Research output: Collection of articlesDoctoral Thesis

Details

Original languageEnglish
PublisherTampere University of Technology
Number of pages67
ISBN (Electronic)978-952-15-2504-9
ISBN (Print)978-952-15-2442-4
StatePublished - 8 Oct 2010
Publication typeG5 Doctoral dissertation (article)

Publication series

NameTampere University of Technology. Publication
PublisherTampere University of Technology
Volume915
ISSN (Print)1459-2045

Abstract

Accurate and robust quantification of measurement data is a key factor in biomedical research. However, the quantification is complicated by random noise, limited resolution and indirect nature of measurements. In this study we quantified biomedical data by modeling the target, the acquisition process and the noise contamination. By combining these three components we built the model for the acquired data. The indirect acquisition was modeled as a forward projection from the target to the data. The random noise was handled by using stochastic model and treating the data as a single realization from the model. The data model was determined through adjustable parameters and the most likely parameters in terms of the acquired noisy data were searched for. The search for best parameters in our stochastic parametric models led to mathematically inconvenient and challenging optimization problems. The most common challenges in our applications were multiple local optima, very large number of parameters, unknown gradient function and lack of reliable initialization. In order to solve these issues, we developed customized numerical optimization techniques by modifying standard algorithms and combining different types of optimization. The optimization techniques were implemented to distributed computing environment which enabled us to solve problems with very large number of parameters and amount of data.
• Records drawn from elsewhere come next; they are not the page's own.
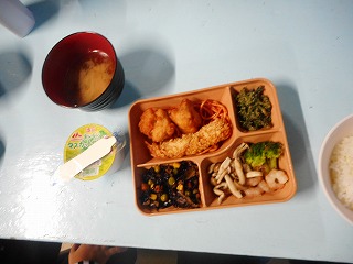 エビフライ,から揚げなどのおかずに味噌汁とゼリーも付いています。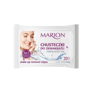 MARION Chusteczki do demakijażu twarzy, oczu i szyi z wyciągiem z aloesu i witaminą E 20 szt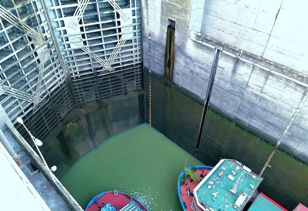 但是,僅用20分鐘,海巡艇就從大壩上游垂直下降100米,進(jìn)入大壩下游航道,整個(gè)過程平穩(wěn)異常。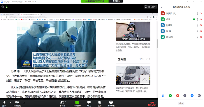 | 【班级】学习《习近平总书记给北京大学援鄂医疗队全体“90后”党员的回信》线上活动有效开展 |

By modeling static fluorescence microscopy images we achieved results which we could not obtain with the conventional methods and which in part helped to reveal significant differences between treatment groups. By modeling dynamic fluorescence microscopy data we managed to compensate cell movement and inhomogeneous fluorescence distribution well during the quantification. The results with simulated data imply that our method is very robust and accurate. With positron emission tomography (PET) data we were able to solve the huge parameter optimization problem which allowed us to quantify regional parameter heterogeneity with a novel approach. Overall, we believe that the stochastic parametric modeling is a very accurate and robust method to quantify biomedical data.